# New Rub Day



## TNJAKE (Sep 4, 2020)

Howdy. Got a new rub shipment today. Found a new black rub to try by Loot N Booty. Jalapeno garlic black. Pretty excited about that one. May try it on a chucky this weekend.


----------



## JC in GB (Sep 4, 2020)

Very nice...


----------



## oddegan (Sep 4, 2020)

So many rubs, so little time.


----------



## smokin peachey (Sep 4, 2020)

Nice collection! When can we show up for dinner?


----------



## SmokinVOLfan (Sep 4, 2020)

Looks like a great selection there Jake! That jerk one looks great too let us know how it turns out!


----------



## Sowsage (Sep 4, 2020)

Oh man that jalapeno garlic black one sound awesome!


----------



## TNJAKE (Sep 4, 2020)

smokin peachey said:


> Nice collection! When can we show up for dinner?


We eat about 7 every night. Bring beer


----------



## TNJAKE (Sep 4, 2020)

SmokinVOLfan said:


> Looks like a great selection there Jake! That jerk one looks great too let us know how it turns out!

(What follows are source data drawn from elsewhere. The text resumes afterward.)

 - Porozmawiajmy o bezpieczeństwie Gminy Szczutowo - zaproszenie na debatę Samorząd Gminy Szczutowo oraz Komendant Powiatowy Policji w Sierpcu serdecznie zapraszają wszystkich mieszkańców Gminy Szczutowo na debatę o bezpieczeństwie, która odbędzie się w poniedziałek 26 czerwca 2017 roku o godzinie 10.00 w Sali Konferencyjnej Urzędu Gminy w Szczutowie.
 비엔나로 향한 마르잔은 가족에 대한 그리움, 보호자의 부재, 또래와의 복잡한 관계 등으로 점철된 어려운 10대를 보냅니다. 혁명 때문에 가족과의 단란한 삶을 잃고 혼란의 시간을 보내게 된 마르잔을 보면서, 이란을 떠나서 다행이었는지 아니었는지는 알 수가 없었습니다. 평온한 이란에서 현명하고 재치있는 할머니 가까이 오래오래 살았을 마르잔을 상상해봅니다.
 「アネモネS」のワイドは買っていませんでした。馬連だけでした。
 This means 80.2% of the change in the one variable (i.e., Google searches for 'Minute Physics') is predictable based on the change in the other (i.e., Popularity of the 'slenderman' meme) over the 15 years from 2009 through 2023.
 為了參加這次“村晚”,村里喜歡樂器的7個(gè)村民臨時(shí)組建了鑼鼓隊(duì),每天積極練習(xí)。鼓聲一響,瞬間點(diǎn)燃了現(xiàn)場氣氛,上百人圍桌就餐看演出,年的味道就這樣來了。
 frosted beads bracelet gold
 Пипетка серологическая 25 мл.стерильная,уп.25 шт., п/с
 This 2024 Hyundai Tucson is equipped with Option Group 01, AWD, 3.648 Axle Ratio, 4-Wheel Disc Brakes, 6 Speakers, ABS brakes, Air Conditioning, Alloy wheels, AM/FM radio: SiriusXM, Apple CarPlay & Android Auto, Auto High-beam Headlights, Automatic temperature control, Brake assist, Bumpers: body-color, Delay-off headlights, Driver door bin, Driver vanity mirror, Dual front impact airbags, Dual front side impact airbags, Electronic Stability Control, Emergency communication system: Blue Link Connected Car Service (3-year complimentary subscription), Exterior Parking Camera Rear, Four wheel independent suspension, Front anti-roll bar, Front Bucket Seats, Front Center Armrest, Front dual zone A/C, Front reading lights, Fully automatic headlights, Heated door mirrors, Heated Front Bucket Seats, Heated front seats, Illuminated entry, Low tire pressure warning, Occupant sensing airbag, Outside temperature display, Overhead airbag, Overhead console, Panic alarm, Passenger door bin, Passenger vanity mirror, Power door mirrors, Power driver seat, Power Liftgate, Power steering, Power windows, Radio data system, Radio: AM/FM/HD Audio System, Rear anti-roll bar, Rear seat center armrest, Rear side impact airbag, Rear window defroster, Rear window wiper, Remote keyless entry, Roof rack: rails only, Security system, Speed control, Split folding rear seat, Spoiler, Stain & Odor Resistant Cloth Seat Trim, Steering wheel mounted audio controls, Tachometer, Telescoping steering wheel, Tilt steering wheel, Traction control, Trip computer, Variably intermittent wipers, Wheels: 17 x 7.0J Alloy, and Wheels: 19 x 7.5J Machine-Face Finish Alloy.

Yeah I'm excited on that one. Think I'm gonna use it on some chicken kabobs tonight.


----------



## TNJAKE (Sep 4, 2020)

Sowsage said:


> Oh man that jalapeno garlic black one sound awesome!


Yeah Travis it smells amazing also. Looks exactly like HC black


----------



## flatbroke (Sep 4, 2020)

Looks like a nice variety


----------



## $moke!t (Sep 4, 2020)

Nice variety. That jammin jerk sounds like a good one. .


----------



## smokerjim (Sep 4, 2020)

Looks like your going to have to do some trial runs, I know it's a heck of a thing to have to do!


----------



## TNJAKE (Sep 4, 2020)

smokerjim said:


> Looks like your going to have to do some trial runs, I know it's a heck of a thing to have to do!


Lol yep guess I'm gonna have to suffer through it!


----------



## Brokenhandle (Sep 4, 2020)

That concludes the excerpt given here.